A depiction of space travel by wormhole. Photo by Les Bossinas/NASA
WASHINGTON, Nov. 25 (UPI) -- In director Christopher Nolan's new film "Interstellar," actor Matthew McConaughey's character Cooper leads a crew of astronauts into deep space on a mission to save humanity. They travel by way of wormhole, a technique that has become of trope of intergalactic science fiction. Now, the expert who oversaw the film's scientific bonafides suggests traversable wormholes are unlikely to ever be a reality.
"The jury is not in, so we just don't know," astrophysicist Kip Thorne, a researcher at the California Institute of Technology, told Space.com in a recent interview. "But there are very strong indications that wormholes that a human could travel through are forbidden by the laws of physics. That's sad, that's unfortunate, but that's the direction in which things are pointing."
Wormholes -- a component of Einstein's theory of relativity -- are interstellar tunnels that connect to disparate points on the space-time continuum. Traveling through one would be like taking a massive shortcut that bypasses vast cosmic distances.
Scientists don't have observational evidence of wormholes; they're purely theoretical.
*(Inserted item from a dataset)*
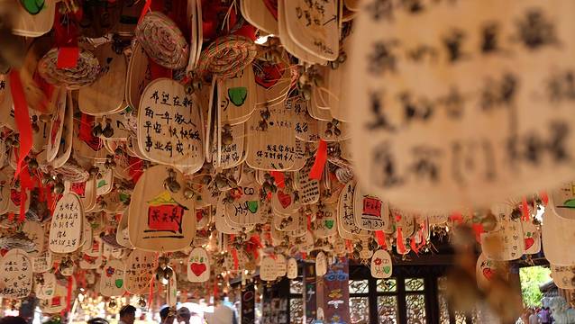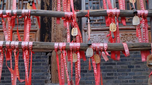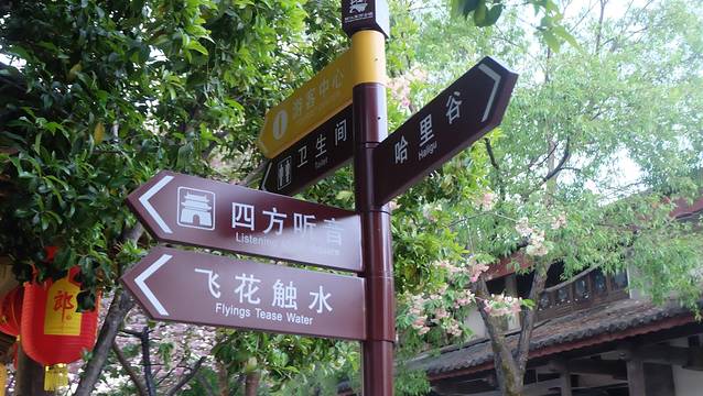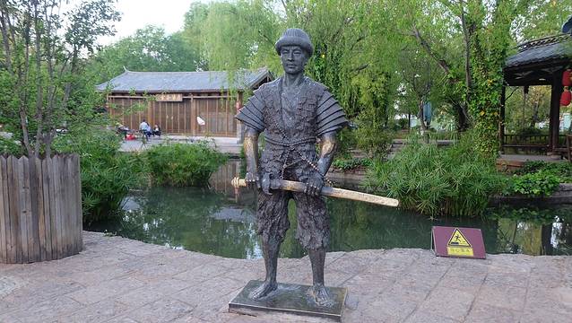 在大水车旁,有一个东巴许愿风铃长廊,东巴许愿风铃书写着世界上唯一存在的东巴图画象形文字。东巴文化是纳西族的传统文化,东巴许愿风铃,源于六百年前茶马古道上的马帮,丽江古城为茶马古道上的重镇,铃声给人们带来了吉祥和平安。正如所说“山间铃响马帮来”。是铃声报来了马帮的平安,是马帮带来了古城的繁荣。

But even if they do exist, Thorne says traveling through one is probably impossible. The reason: There's no way to keep them stable and open.
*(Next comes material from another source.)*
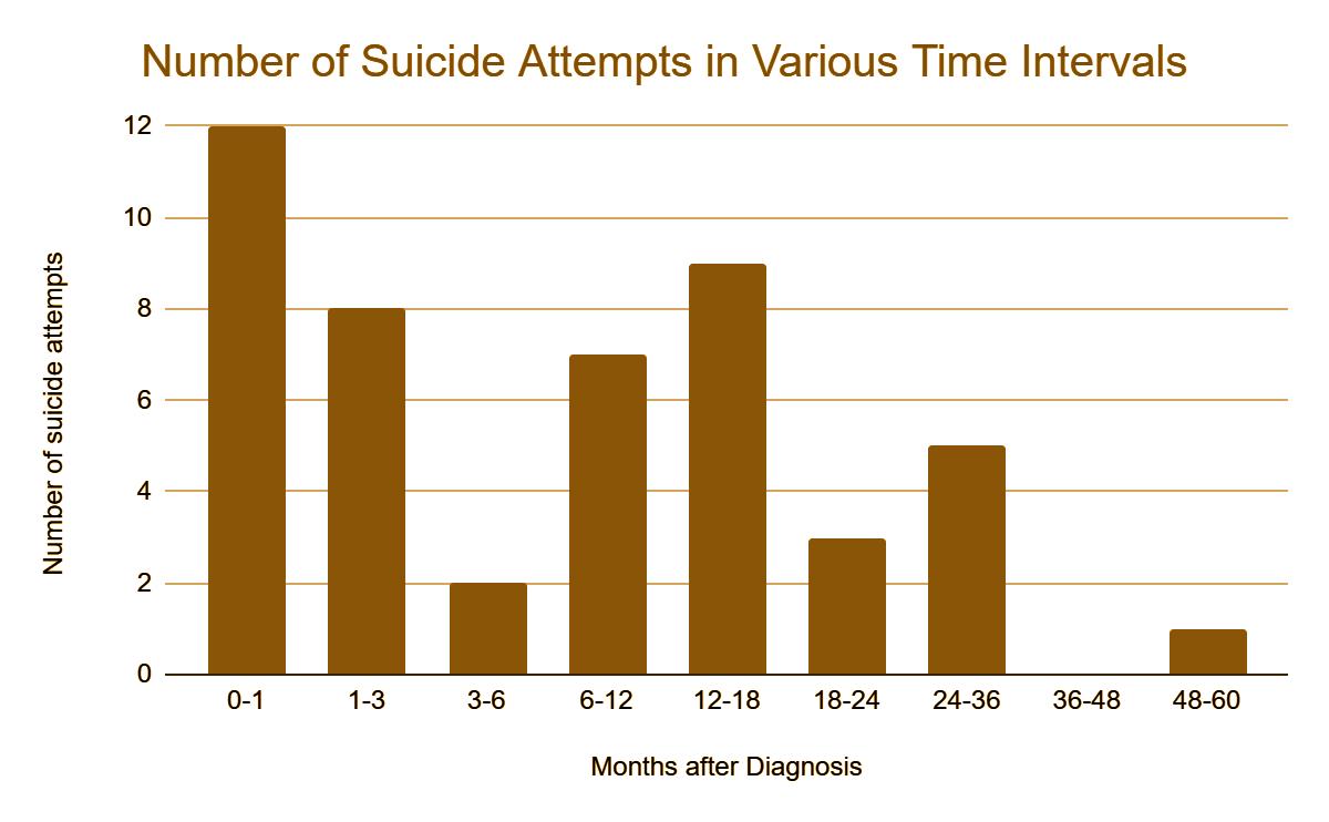 autoimmune disorders (4) The Korean National Health Insurance Database recorded mental health prevalence in individuals diagnosed with ALS (5). The graph displays that during early onset of diagnosis is suicidal tendencies most prevalent The trends have been observable worldwide marking it a global issue

"Wormholes -- if you don't have something threading through them to hold them open -- the walls will basically collapse so fast that nothing can go through them," Thorne explained.
Although previous quantum physics experiments show it's possible to generate the kind of negative energy that could theoretically open a wormhole, Thorne says: "We have very strong, but not firm, indications that you can never get enough negative energy that repels and keeps the wormhole's walls open; you can never get enough to do that."
Ironically, it was the 1997 film "Contact" that first introduced the concept of space travel by wormhole, and ultimately inspired scientists like Thorne and others to take a more serious look at the scientific hypotheticals. That movie, which was inspired by Carl Sagan's 1985 book by the same name, also starred McConaughey.
A few scientists have been critical of the film's foundation in quantum physics and America's most famous science communicator, Neil deGrasse Tyson, recently weighed in with his explanation of what the movie got right and wrong.
But Thorne told The Daily Beast the criticism doesn't bother him much. "I have thick skin -- I've been around the block a few times," he said.
Thick-skinned and honest -- he willingly admitted that "the science had to be compromised in order to make a great movie."